Saturday, December 6, 2008

Unemployment figures

It's hard to sugarcoat numbers like these, somewhere between half to two-thirds of a million jobs lost on net in the month of November. The half a million figure comes from the Department of Labor's establishment data (information directly from firms), while the two-thirds figure comes from its monthly interviews of households.

To get even more academic for a moment and to borrow from George Will, those figures actually understate the number of jobs lost. In good times and bad, jobs are created and destroyed. Net job changes reflect the difference in the two flows, with new jobs offsetting some of the old jobs that were lost. A partial indication of the amount of dislocation is the more than 2 million people who have newly filed for unemployment claims in the past month. A better, though slightly dated, picture comes from the September job flows figures, which indicated that more than 4 million job separations occurred that month, along with about the same number of hires and 3.3 million job openings.

While distressing in themselves, we should brace ourselves for much worse job numbers in the coming months. From all indications, economic output is still contracting, with the pace of that contraction possibly accelerating. During that contraction, unemployment will get worse, and the job problems may not end there. Over the last two recessions, unemployment has been a lagging indicator. In the 1990-1 recession, unemployment didn't peak until June 1992 when it hit 7.8 percent, and in the 2001 recession, it didn't peak until June 2003 when it reached 6.3 percent. It's hard to say how much longer the economy will contract, but it's reasonable to assume that unemployment will continue to trend up through at least the coming year.

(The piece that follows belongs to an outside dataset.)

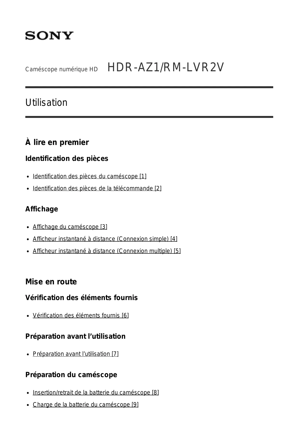 Utilisation À lire en premier Identification des pièces Identification des pièces du caméscope [1] Identification des pièces de la télécommande [2] Affichage Affichage du caméscope [3] Afficheur instantané à distance (Connexion simple) [4] Afficheur instantané à distance (Connexion multiple) [5] Mise en route Vérification des éléments fournis Vérification des éléments fournis [6] Préparation avant l’utilisation Préparation avant l’utilisation [7] Préparation du caméscope Insertion/retrait de la batterie du caméscope [8] Charge de la batterie du caméscope [9] Insertion/éjection d’une carte mémoire dans/du caméscope [10] Cartes mémoire compatibles avec le caméscope [11] Mise sous/hors tension du caméscope [12] Préparation de l’afficheur instantané à distance Charge de l’afficheur instantané à distance [13] Fixation du bracelet à l’afficheur instantané à distance [14] Mise sous/hors tension de l’afficheur instantané à distance [15] Modification du réglage de la date et de l’heure à partir de l’afficheur instantané à distance [16] Données d’assistance du GPS [17] Connexion de l’afficheur instantané à distance à un caméscope (Connexion simple) Vérification du mode de connexion du caméscope [18] Vérification du mode de connexion de l’afficheur instantané à distance [19] Connexion de l’afficheur instantané à distance à un caméscope [20] Établissement d’une connexion correcte [21] Connexion de l’afficheur instantané à distance à plusieurs caméscopes (Connexion multiple) Connexion de l’afficheur instantané à distance à plusieurs caméscopes [22] Réinitialisation des informations de connexion des caméscopes enregistrés [23] Connexion du caméscope à votre smartphone Installation de l’application sur votre smartphone [24] Vérification de l’ID/mot de passe [25] Connexion à un smartphone Android compatible NFC à l’aide des fonctions par simple contact [26] Connexion à un smartphone Android [27] Connexion à l’iPhone [28] Autres préparatifs (Utilisation des accessoires) Utilisation de l’adaptateur de trépied [29] Utilisation du boîtier étanche à l’eau (SPK-AZ1) [30] Fixation du support adhésif [31] Prise de vue Enregistrement de films ou prise de vue de photos Commutateur REC HOLD (verrouillage) [32] Fonction de maintien des touches de l’afficheur instantané à distance [33] Commutation du mode de prise de vue [34] Mode film [35] Mode photo [36] Mode d’enregistrement de photos à intervalle [37] Enregistrement pendant une période prolongée [38] Modification des paramètres de l’afficheur instantané à distance Liste des options de réglage Liste des options de réglage [39] Paramètres des films Réglage de la qualité d’image [40] SteadyShot [41] Inversion (Films) [42] Scène (Film) [43] Réglage de la couleur [44] Format d’enregistrement des films [45] Paramètres des images fixes Inversion (Images fixes) [46] Scène (Images fixes) [47] Prise de vue en continu [48] Intervalle de prise de vue en continu [49] Retardateur [50] Paramètres des photos à intervalle Inversion (Enregistrement de photos à intervalle) [51] Scène (Enregistrement de photos à intervalle) [52] Accéléré [53] Paramètres de connexion des périphériques Réglage du code temporel/bit utilisateur [54] Télécommande IR [55] Commutation NTSC/PAL [56] Mise hors tension automatique [57] Bip [58] Formatage [59] Paramètres de la télécommande Rotation de l’écran [60] Luminosité du moniteur [61] Réglage de la date et de l’heure [62] Réinitialiser les paramètres [63] Version [64] Mode de connexion [65] Réglage du GPS [66] Mode avion [67] Réinitialisation des paramètres réseau de la connexion multiple [68] Visualisation Visualisation Lecture à l’aide de l’afficheur instantané à distance [69] Commutation de l’affichage du caméscope et de l’afficheur instantané à distance Commutation du mode de connexion du caméscope [70] Commutation de l’écran LCD de l’afficheur instantané à distance [71] Suppression Suppression [72] Diffusion en direct de films Diffusion en direct avec le caméscope (Connexion en direct) Diffusion en direct [73] Préparation de la diffusion en direct [74] Exécution de la diffusion en direct [75] Ordinateur Action Cam Movie Creator Fonctions utiles de Action Cam Movie Creator [76] Vérification de l’environnement de l’ordinateur [77] Installation de Action Cam Movie Creator [78] Déconnexion de l’ordinateur (Windows 7/Windows 8) [79] Déconnexion de l’ordinateur (Windows Vista) [80] Importation des données d’assistance du GPS Données d’assistance du GPS [81] Autres Durée d’enregistrement et de lecture estimée de la batterie du caméscope Durée d’enregistrement estimée de la batterie du caméscope [82] Durée de lecture estimée de la batterie du caméscope [83] Durée enregistrable, le nombre de photos enregistrables sur une carte mémoire Durée d’enregistrement estimée de films en continu [84] Estimation du nombre de photos enregistrables [85] Remarque sur l’utilisation Remarques sur l’utilisation du caméscope et de l’afficheur instantané à distance [86] À propos de la condensation de l’humidité [87] Entretien et rangement [88] Remarques relatives aux accessoires en option [89] Remarque relative à la mise au rebut/au transfert de la carte mémoire [90] Batteries du caméscope et de l’afficheur instantané à distance [91] Les limitations de la diffusion en direct du caméscope [92] GPS et la fonction Wi-Fi en cas de distribution [93] Connexion réseau [94] Diffusion en direct simultanée avec plusieurs caméscopes [95] Influence de l’état de la ligne [96] Connexion de la diffusion en direct [97] Durée de distribution continue [98] Limitation de connexion [99] Écran LCD de l’afficheur instantané à distance [100] Étanchéité à l’eau de l’afficheur instantané à distance [101] GPS [102] Mis

At 6.7 percent, the unemployment rate has now passed the peak from the last recession and on a path that would take it past the peak from the 1990-1 recession, perhaps as soon as next summer. Historically, (see the figures for the last 60 years from the BLS below), peak unemployment rates near 7 1/2 percent have happened before. However, as the country's experience in the late 1970s and early 1980s shows, post-war recessions can also produce much worse unemployment. For example, with the exception of just a few months, unemployment was at or above 7 1/2 percent from May 1980 until August 1984, peaking at nearly 11 percent at the end of 1982.
In some ways, we have been lucky to have had such little unemployment over the past 15 years; before the late 1990s, you have to go back to the 1960s to find a prolonged period of unemployment below 5 percent.

There is scant comfort that you can take out of the current job trends other than the perspective that the country has experienced some very bad economic times before and pulled through them. It will surely do so again.